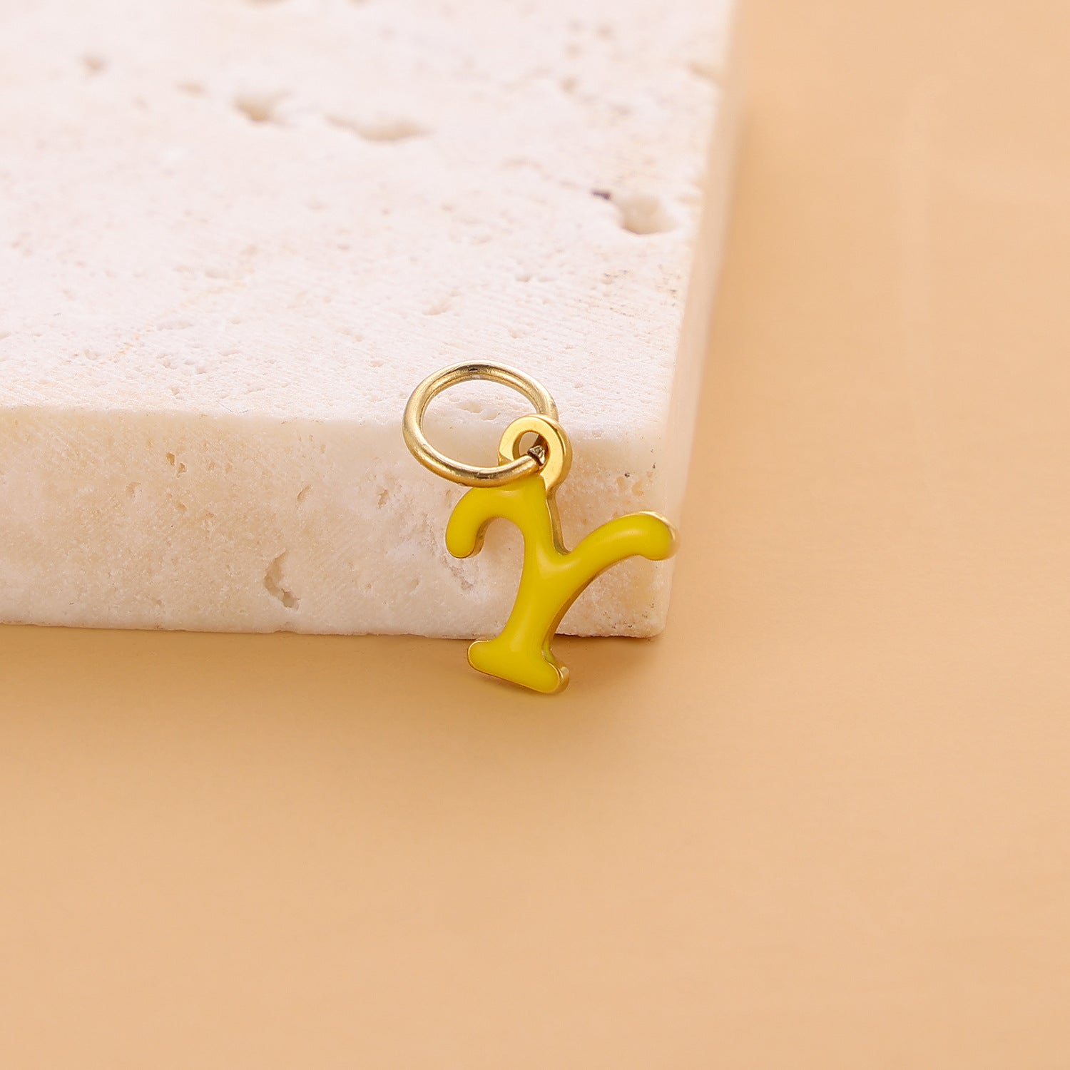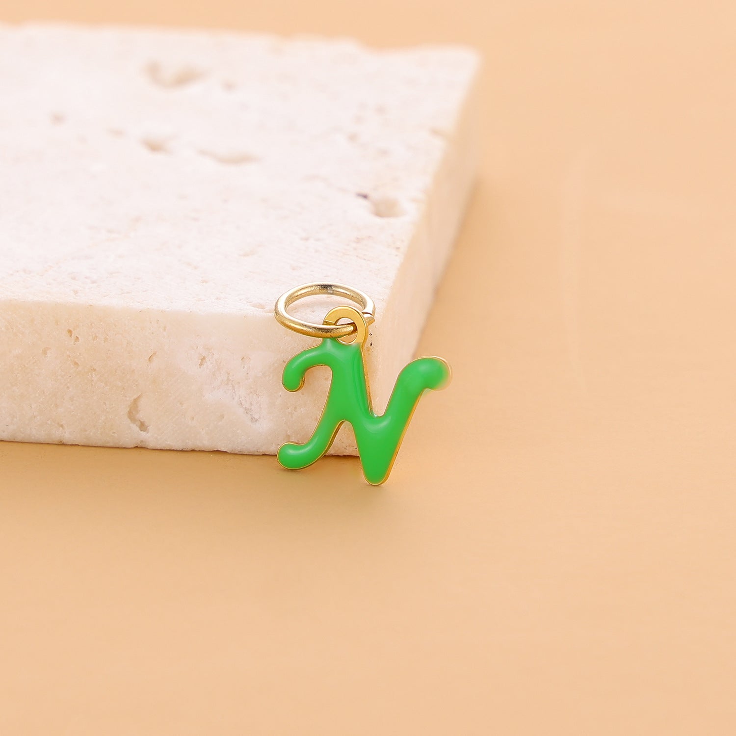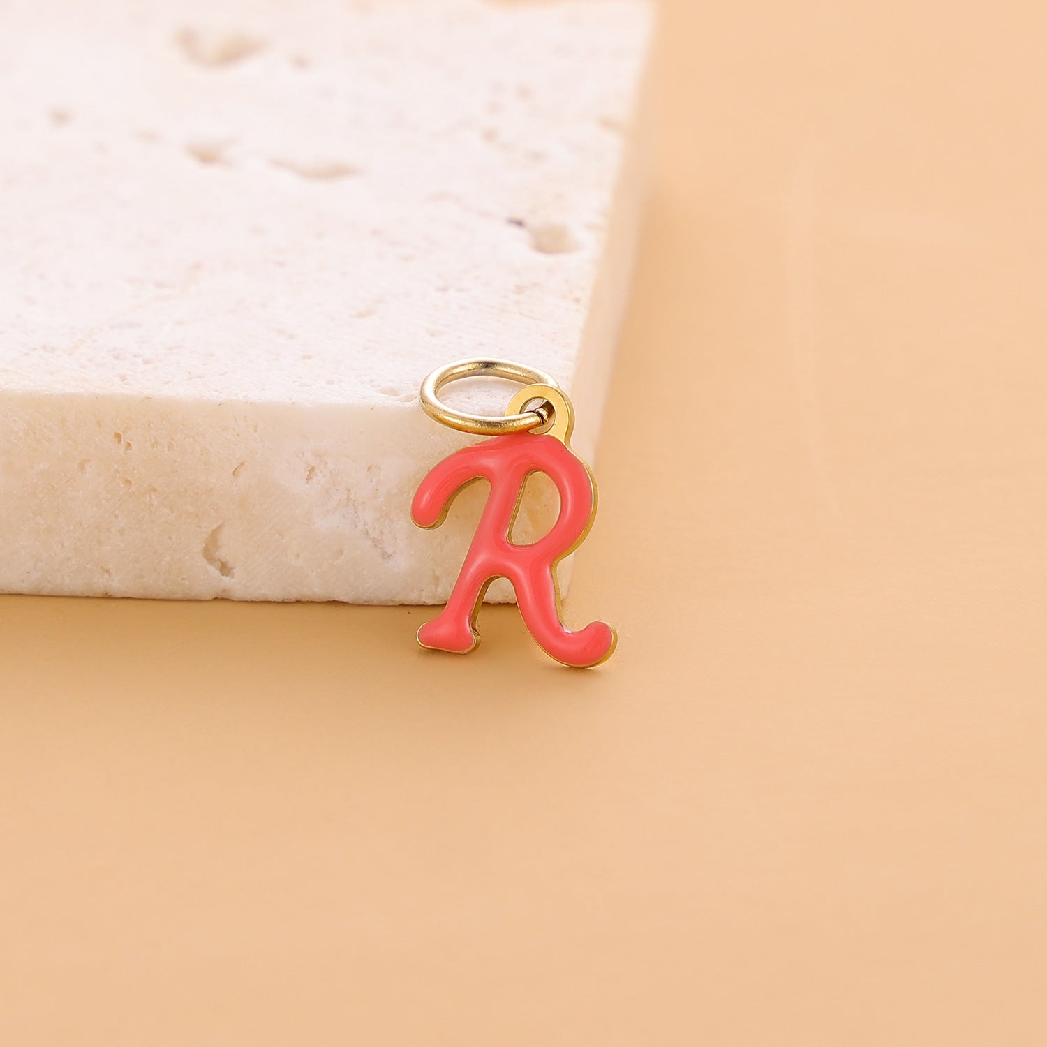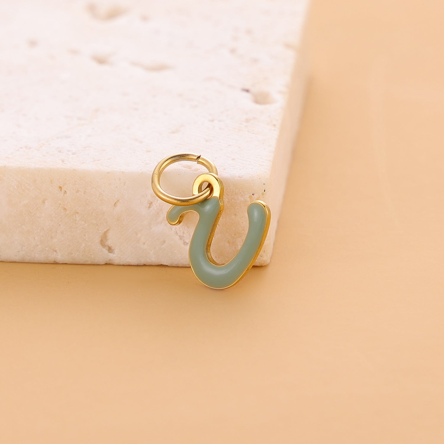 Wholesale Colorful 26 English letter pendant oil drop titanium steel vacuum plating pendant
...
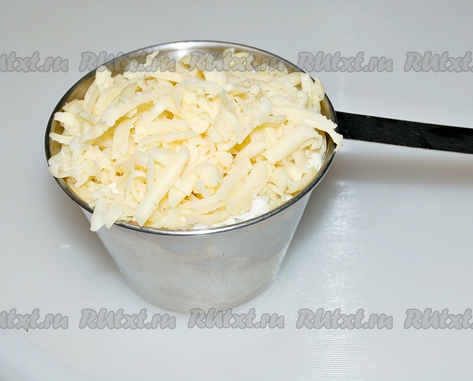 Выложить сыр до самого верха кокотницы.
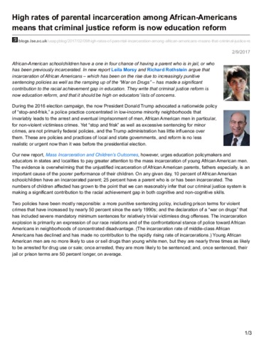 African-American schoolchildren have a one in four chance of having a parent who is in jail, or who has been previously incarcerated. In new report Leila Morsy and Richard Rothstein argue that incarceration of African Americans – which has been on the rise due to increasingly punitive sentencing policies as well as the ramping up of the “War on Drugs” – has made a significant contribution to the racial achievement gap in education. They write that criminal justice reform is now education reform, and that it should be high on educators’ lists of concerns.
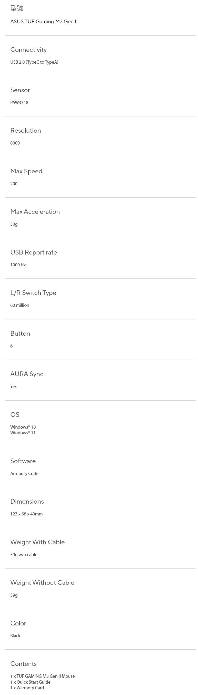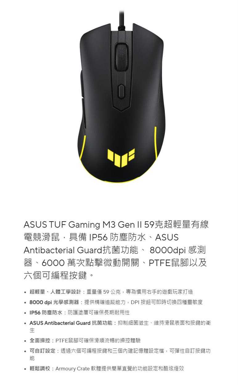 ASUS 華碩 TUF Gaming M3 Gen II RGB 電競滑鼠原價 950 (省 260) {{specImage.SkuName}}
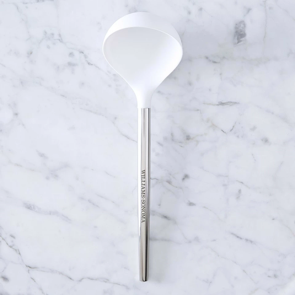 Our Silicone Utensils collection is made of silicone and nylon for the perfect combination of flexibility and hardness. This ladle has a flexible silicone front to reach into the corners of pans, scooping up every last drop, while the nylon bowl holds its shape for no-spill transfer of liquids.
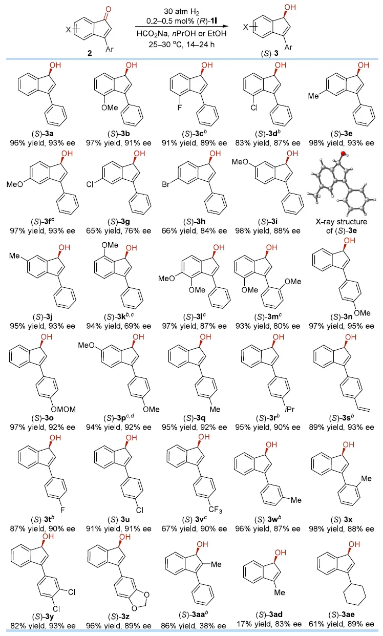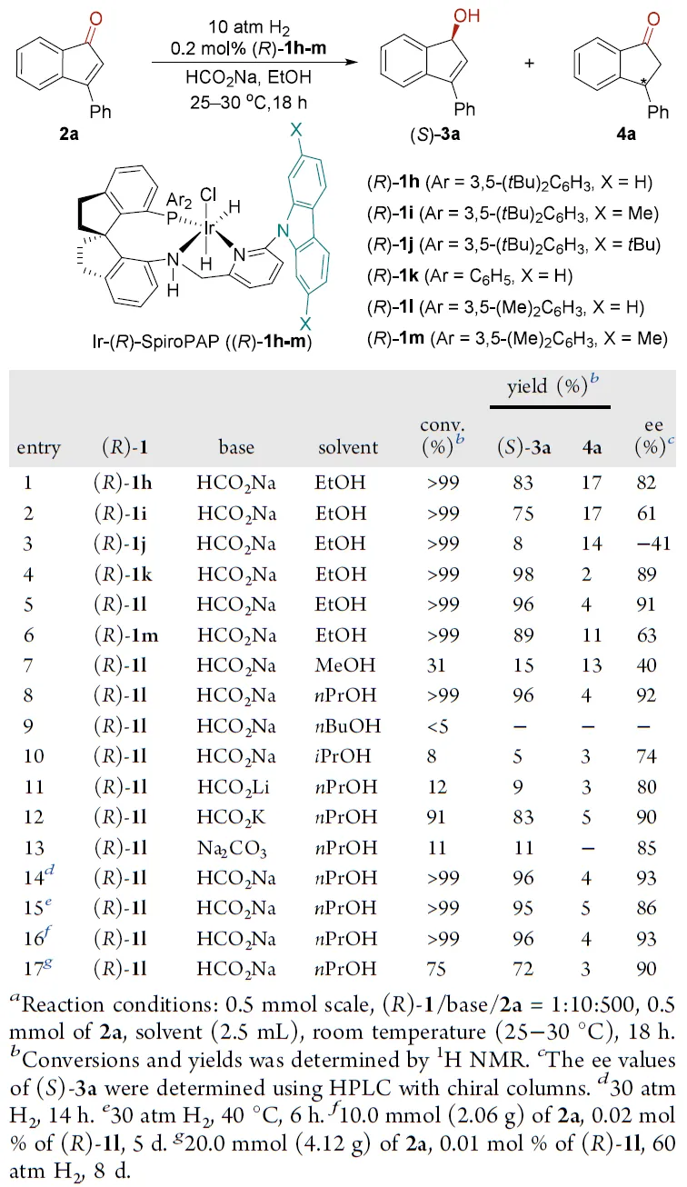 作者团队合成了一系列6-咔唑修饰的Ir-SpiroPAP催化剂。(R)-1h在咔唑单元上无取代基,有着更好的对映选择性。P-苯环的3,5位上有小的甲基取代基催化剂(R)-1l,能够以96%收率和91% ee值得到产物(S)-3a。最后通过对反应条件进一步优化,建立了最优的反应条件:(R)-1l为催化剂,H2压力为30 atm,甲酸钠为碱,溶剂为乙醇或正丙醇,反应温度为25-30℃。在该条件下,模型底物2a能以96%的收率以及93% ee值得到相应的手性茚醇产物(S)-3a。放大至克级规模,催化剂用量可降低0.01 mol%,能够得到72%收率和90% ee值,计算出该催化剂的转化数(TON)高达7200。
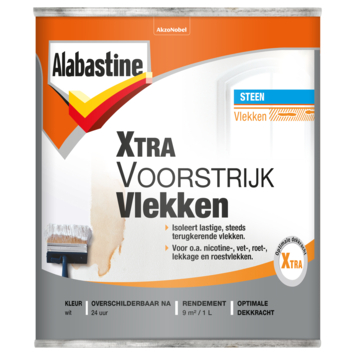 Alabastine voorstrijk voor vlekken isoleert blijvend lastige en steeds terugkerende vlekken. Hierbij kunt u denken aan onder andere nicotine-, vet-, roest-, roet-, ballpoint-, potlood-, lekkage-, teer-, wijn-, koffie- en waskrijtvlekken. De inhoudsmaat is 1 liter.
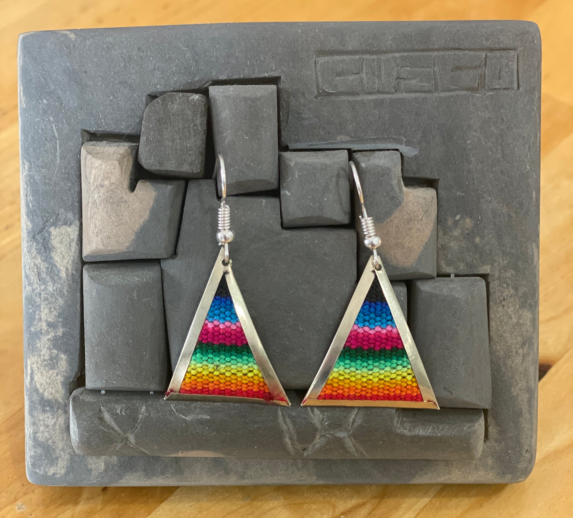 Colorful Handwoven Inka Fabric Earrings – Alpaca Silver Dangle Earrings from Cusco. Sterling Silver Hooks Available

# [TASK]
Keep to the lines above from the line with "ASUS 華碩 TUF" to the line with "Alabastine voorstrijk voor", and set down exactly those, inclusive, with nothing else and every picture left out.

# [ANSWER SECTION]
 ASUS 華碩 TUF Gaming M3 Gen II RGB 電競滑鼠原價 950 (省 260) {{specImage.SkuName}}
 Our Silicone Utensils collection is made of silicone and nylon for the perfect combination of flexibility and hardness. This ladle has a flexible silicone front to reach into the corners of pans, scooping up every last drop, while the nylon bowl holds its shape for no-spill transfer of liquids.
 作者团队合成了一系列6-咔唑修饰的Ir-SpiroPAP催化剂。(R)-1h在咔唑单元上无取代基,有着更好的对映选择性。P-苯环的3,5位上有小的甲基取代基催化剂(R)-1l,能够以96%收率和91% ee值得到产物(S)-3a。最后通过对反应条件进一步优化,建立了最优的反应条件:(R)-1l为催化剂,H2压力为30 atm,甲酸钠为碱,溶剂为乙醇或正丙醇,反应温度为25-30℃。在该条件下,模型底物2a能以96%的收率以及93% ee值得到相应的手性茚醇产物(S)-3a。放大至克级规模,催化剂用量可降低0.01 mol%,能够得到72%收率和90% ee值,计算出该催化剂的转化数(TON)高达7200。
 Alabastine voorstrijk voor vlekken isoleert blijvend lastige en steeds terugkerende vlekken. Hierbij kunt u denken aan onder andere nicotine-, vet-, roest-, roet-, ballpoint-, potlood-, lekkage-, teer-, wijn-, koffie- en waskrijtvlekken. De inhoudsmaat is 1 liter.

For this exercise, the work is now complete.